Fig. 6. Assessment of D-serine levels in MEA and summary of neuroglia changes in TLE.

a Representative electropherograms of the secreted fractions from MEA (top row), LEA (middle row), and the cerebellum (bottom row) of non-status control and epileptic rats. Peak identification: (1) L-Ser; (2) D-Ser; (3) L-Asn; (4) L-Thr; (5) L-Gln; (6) L/D-Glu + D-Gln + D-Thr; (7) β-HSer (internal standard); (8) L/D-Asp; (9) L-His; (10) Gly; (11) L/D-Ala; (12) α-ABA (IS); (13) L-Tyr; (14) D-Tyr; (15) L-Met; (16) D-Met; (17) β-Ala; (18) L-Val; (19) D-Val; (20) Tau; (21) GABA; (22) L-Ile + L/D-Leu; (23) L/D-Phe; (24) L-Trp; (25) D-Trp; (26) β-Phe (IS); and (27) L/D-Arg.
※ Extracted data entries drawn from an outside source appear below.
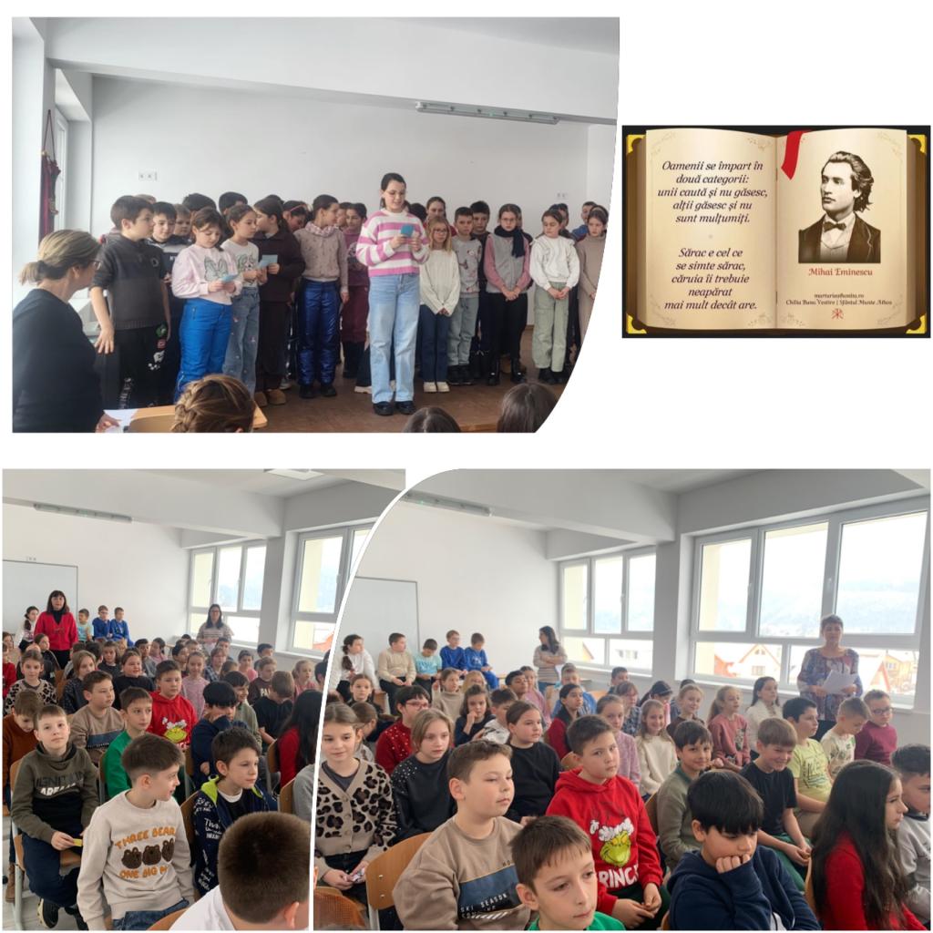 Elevii claselor a III-a și a IV-a au participat la recitări de poezii,cântece, lecturi expresive, discuții despre viața și opera lui Mihai Eminescu.Prin aceste activități, elevii au înțeles importanța operei eminesciene și rolul său în cultura română.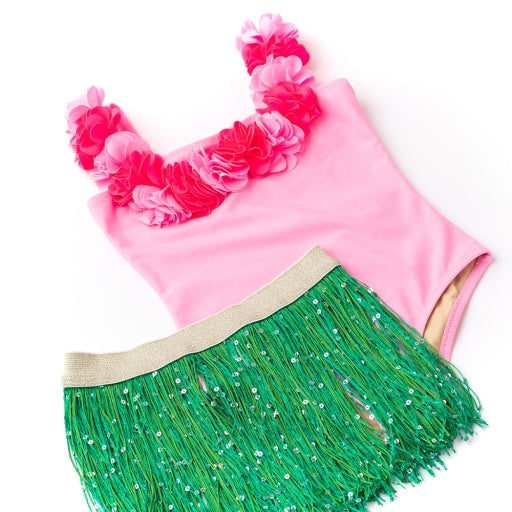 Is there anything sweeter than a light pink hula girl lei and fringe skirt swim set for your little girl? We think not! Now your daughter or granddaughter can look and feel like a ray of sunshine in this beautiful one-piece and coordinated hula skirt. Perfect for playing at the pool or beach or even an impromptu hula dance party. The fringe grass skirt adds texture and movement as she runs and twirls. They'll love having extra fun with the built in hula lei that comes attached to the suit. This swim set is available in sizes 3 to 10, so there's sure to be a size that fits your little one perfectly! Whether your daughter loves hula dancing, or just loves being in the sun, this swim set is the perfect choice!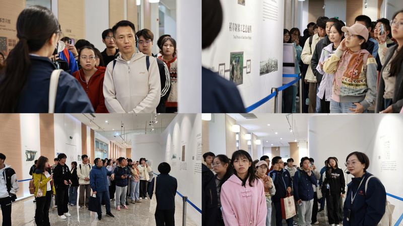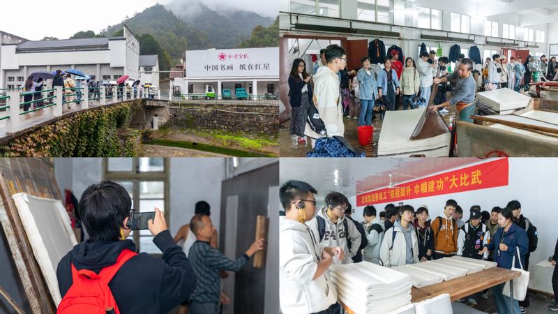 走进542厂,见证匠心工艺。师生来到国家级保密重点单位、国家首批工业文化专题实践教学基地、安徽省文物保护单位——中国宣纸股份有限公司542厂,大家近距离目睹了宣纸制作的精细流程,从捞纸、晒纸,再到剪纸,每一个环节都展现了宣纸文化的深厚底蕴和精湛工艺。宣纸师傅们熟练的手法和专注的神情,让在场师生读懂了他们于“水深”“火热”中的坚守与追求,对这传承千年的技艺又有了更深刻的认识。

Insets (rightmost panel) are overlays of zoomed-in images of electropherograms from control (black) and epileptic (red) animals highlighting differences in the normalized fluorescence intensities of the L- and D-serine peaks (time-shifted to facilitate viewing). The bars atop peaks facilitate viewing of the amplitude differences. b Raw data and histograms of average D-serine levels in brain tissue (supernatant or secreted fraction, left panel; cell homogenate fraction, right panel) from the indicated regions of non-status control and epileptic rats expressed in μg/g of brain tissue (top panels) and as a percentage of total serine (D + L, bottom panels) within the samples. Numbers within bar plots indicate animals used (n) and the inset identifies location of LEA, presubiculum (PrS), and parasubiculum (Par) relative to the MEA. *p < 0.05, ***p < 0.001, Student’s t test. Error bars represent SEM. c Summary of neuroglia changes characterizing TLE pathology and two possible avenues through which D-serine might mitigate cell loss within the MEA.